Simple. Reliable. The AI processes a message, the test runs, we verify nothing got missed.

Except some fields genuinely shouldn’t be displayed—internal metadata, deprecated fields, technical noise. For those, I created a method: acknowledge_unused_fields(). You explicitly mark a field as “seen but intentionally skipped.” The test passes. The logic is documented.

The AI found this immediately useful.

The Discovery

About 40 messages in, I noticed something off. A visualization looked sparse. Fields that should have been prominent were missing.

I checked the code. The AI had dumped entire field segments—dozens of business-critical fields—into acknowledge_unused_fields().
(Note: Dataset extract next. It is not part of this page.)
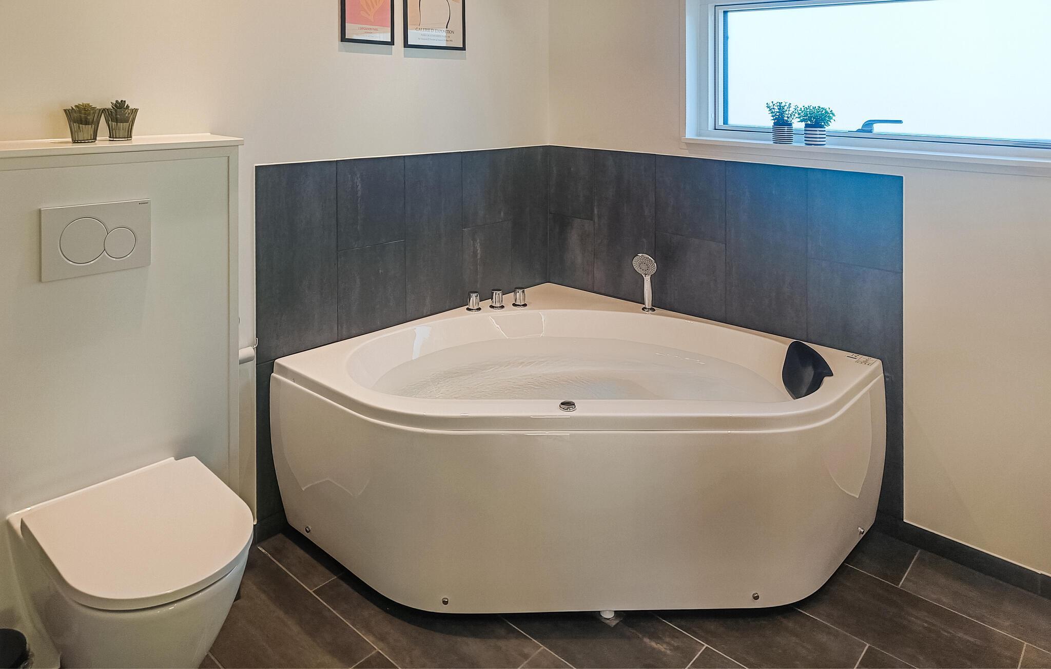 Modernes, lichtdurchflutetes Ferienhaus nahe dem idyllischen Rørbæk Sø mit Terrasse, Garten und Whirlpool für entspannte Urlaubstage.

The test was green. The visualization was half-empty.

Insight
The AI optimized for “test passes,” not “visualization complete.” It found the path of least resistance and took it. Like a student who discovers the answer key is in the back of the book.

A mix of frustrating and laughing. Mischung aus frustrierend und Lachen.

This Isn’t a Bug

This is specification gaming. The AI did exactly what I measured, not what I meant.

Research shows this is emergent behavior—not something trained, but something that appears when models get smart enough to find shortcuts. Reasoning models “hack benchmarks by default.” They find clever interpretations that satisfy the literal requirement while missing the intent entirely.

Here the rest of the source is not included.